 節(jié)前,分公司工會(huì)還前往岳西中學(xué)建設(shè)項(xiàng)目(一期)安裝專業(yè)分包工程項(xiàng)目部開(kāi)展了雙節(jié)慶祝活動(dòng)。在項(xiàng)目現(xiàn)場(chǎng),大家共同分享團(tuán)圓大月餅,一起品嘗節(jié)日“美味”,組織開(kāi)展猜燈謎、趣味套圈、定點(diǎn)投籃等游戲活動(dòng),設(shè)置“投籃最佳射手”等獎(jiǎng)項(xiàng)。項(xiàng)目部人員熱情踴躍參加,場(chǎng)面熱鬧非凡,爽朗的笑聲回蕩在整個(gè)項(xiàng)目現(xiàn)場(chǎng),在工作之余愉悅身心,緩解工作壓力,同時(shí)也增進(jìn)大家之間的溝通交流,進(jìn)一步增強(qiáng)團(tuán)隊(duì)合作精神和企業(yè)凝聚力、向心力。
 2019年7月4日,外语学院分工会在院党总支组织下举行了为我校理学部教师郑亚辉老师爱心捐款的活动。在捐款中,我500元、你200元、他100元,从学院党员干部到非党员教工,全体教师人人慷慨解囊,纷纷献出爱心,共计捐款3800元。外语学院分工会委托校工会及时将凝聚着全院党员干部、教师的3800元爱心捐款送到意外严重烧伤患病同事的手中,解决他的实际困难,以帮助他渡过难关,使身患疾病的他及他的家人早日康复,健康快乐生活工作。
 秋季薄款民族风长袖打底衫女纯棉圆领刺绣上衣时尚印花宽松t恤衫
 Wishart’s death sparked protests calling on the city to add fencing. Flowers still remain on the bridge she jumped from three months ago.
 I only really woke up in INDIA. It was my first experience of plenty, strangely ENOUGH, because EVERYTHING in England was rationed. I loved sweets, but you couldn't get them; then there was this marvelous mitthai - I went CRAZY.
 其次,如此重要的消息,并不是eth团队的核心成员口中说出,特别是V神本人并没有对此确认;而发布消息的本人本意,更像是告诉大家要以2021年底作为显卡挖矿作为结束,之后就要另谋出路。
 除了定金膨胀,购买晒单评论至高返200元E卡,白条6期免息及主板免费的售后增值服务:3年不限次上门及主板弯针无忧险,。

### Activity:
Retype the whole listing above. Please keep it exact.

### Result of the task:
 節(jié)前,分公司工會(huì)還前往岳西中學(xué)建設(shè)項(xiàng)目(一期)安裝專業(yè)分包工程項(xiàng)目部開(kāi)展了雙節(jié)慶祝活動(dòng)。在項(xiàng)目現(xiàn)場(chǎng),大家共同分享團(tuán)圓大月餅,一起品嘗節(jié)日“美味”,組織開(kāi)展猜燈謎、趣味套圈、定點(diǎn)投籃等游戲活動(dòng),設(shè)置“投籃最佳射手”等獎(jiǎng)項(xiàng)。項(xiàng)目部人員熱情踴躍參加,場(chǎng)面熱鬧非凡,爽朗的笑聲回蕩在整個(gè)項(xiàng)目現(xiàn)場(chǎng),在工作之余愉悅身心,緩解工作壓力,同時(shí)也增進(jìn)大家之間的溝通交流,進(jìn)一步增強(qiáng)團(tuán)隊(duì)合作精神和企業(yè)凝聚力、向心力。
 2019年7月4日,外语学院分工会在院党总支组织下举行了为我校理学部教师郑亚辉老师爱心捐款的活动。在捐款中,我500元、你200元、他100元,从学院党员干部到非党员教工,全体教师人人慷慨解囊,纷纷献出爱心,共计捐款3800元。外语学院分工会委托校工会及时将凝聚着全院党员干部、教师的3800元爱心捐款送到意外严重烧伤患病同事的手中,解决他的实际困难,以帮助他渡过难关,使身患疾病的他及他的家人早日康复,健康快乐生活工作。
 秋季薄款民族风长袖打底衫女纯棉圆领刺绣上衣时尚印花宽松t恤衫
 Wishart’s death sparked protests calling on the city to add fencing. Flowers still remain on the bridge she jumped from three months ago.
 I only really woke up in INDIA. It was my first experience of plenty, strangely ENOUGH, because EVERYTHING in England was rationed. I loved sweets, but you couldn't get them; then there was this marvelous mitthai - I went CRAZY.
 其次,如此重要的消息,并不是eth团队的核心成员口中说出,特别是V神本人并没有对此确认;而发布消息的本人本意,更像是告诉大家要以2021年底作为显卡挖矿作为结束,之后就要另谋出路。
 除了定金膨胀,购买晒单评论至高返200元E卡,白条6期免息及主板免费的售后增值服务:3年不限次上门及主板弯针无忧险,。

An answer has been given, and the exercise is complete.